I’ve always had good donor relationships in the country offices I’ve worked in. I always experienced good donor conversations when I was in my last organization.

But these donor meetings were above that. They glowed about our work. Both U.N. and U.S. government agencies were so excited about the partnerships they have with us, in the quality of the work that we’re doing and the way in which we work together. You can see it in the fact that they keep asking us to take on more and more clinics. But the other piece to this that I saw was that a lot of times, there is still not enough funding from these donors, which keeps us doing the minimum for the refugees. . Donor funding, both institutional and private, is declining. There’s not a lot of funding and the needs are so great.

But in places where we’ve had a chance to invest long-term, like in Uganda…I saw such beauty there.

There was actually a moment there when I felt called to pause in the middle of the day. So, I did.

And what I saw was this: I saw people interacting, these beautiful social interactions. I saw babies whose mothers were feeding them. I saw well-done facilities, which just adds to a sense of the quality of care that’s available. I saw there were trees, of course, growing on the grounds.

And trees are always symbolic for me as signs of human growth. They’re signs of human development and of the Kingdom coming.

I saw all of that, and I had this moment when I thought, this is what things can be when we have enough time and prioritization of resources in a systematic and strategic way.

I saw this image of digging the right channels for water to flow in the right places, from an organizational standpoint. So that’s an image I’ve been using with the International Programs team to talk about where we’re going.

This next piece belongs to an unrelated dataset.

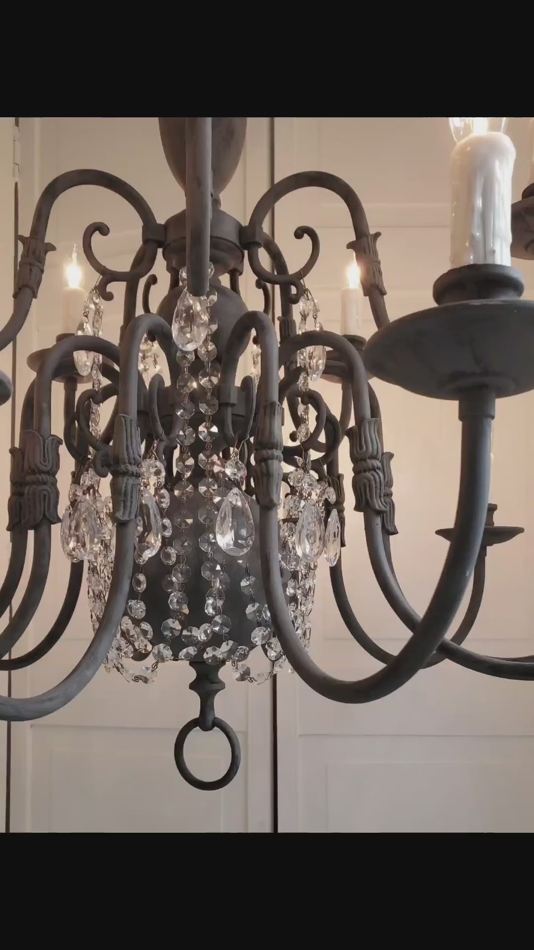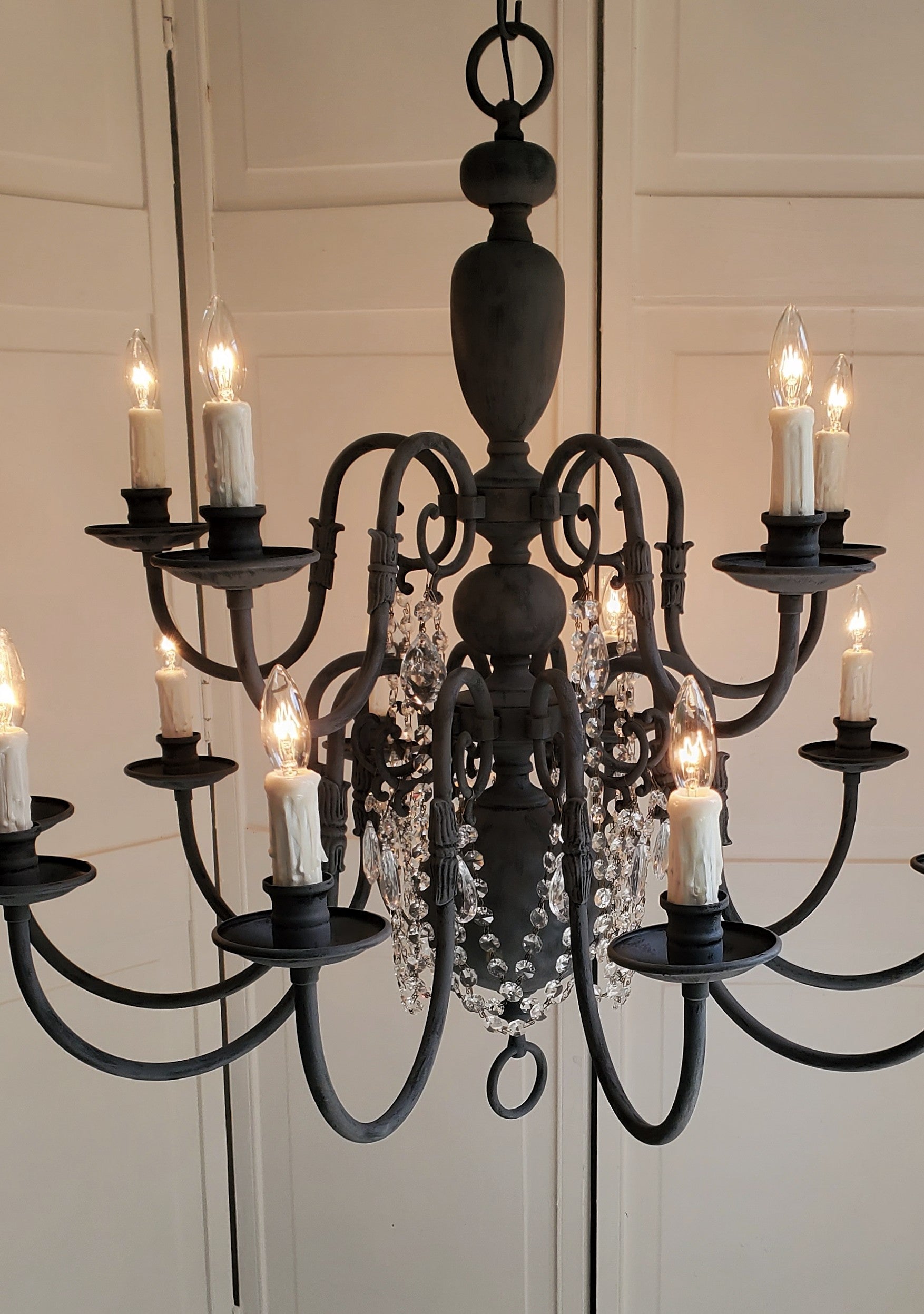 SOLD- Vintage Brass Chandelier 15-light Handpainted Black Zinc Patina w/Crystals (LOCAL PICKUP)

Lauren Taylor talks to Roger Kadima, Ethiopia Country Director, on a recent visit. Photo by Meletetsega Getachew.

How do you think about community-led programs versus volunteer teams?

[Community-led care] is the more sustainable approach. There is national capacity that should be developed and be used. I do think that it has another cost to it, though, and the cost is that you have a long-term presence in the country.

You have to think about your salary and benefits that you’re giving to national staff. You have to make sure that they’re properly cared for. You take on more risks, in many ways, because you have a long-term institutional presence that has to be managed.

But ultimately, to me, it is the right direction to go in. It builds people’s capacities and it’s more sustainable.

At the same time, I do see circumstances when a particular specialty might be missing. If there are still ways to leverage people’s capacity to come in and offer services that maybe don’t exist in the country, or to increase the professional skills of staff with new expertise or new services, I could see a role for targeted exchanges of volunteers. Maybe not whole teams, but specific instances.

What do you like to do in your personal time?

I love being out in nature. For my personal time, I love being — by myself or with friends — in nature in any shape or form, even if it’s just eating outside.

I just moved back to North Carolina after nearly 12 years abroad. I love to be in the mountains. I love evergreen trees.

I love to be in water. And here, it’s endless lakes, endless swimming pools, endless ocean shoreline. I feel quite blessed to be living here.

Building the Kingdom together

Lauren Taylor with some of our team in Ethiopia! Photo by Meletetsega Getachew.

We’re grateful to have a compassionate and faithful leader like Lauren! Her experience, empathy, and vision for the future are a blessing to Medical Teams.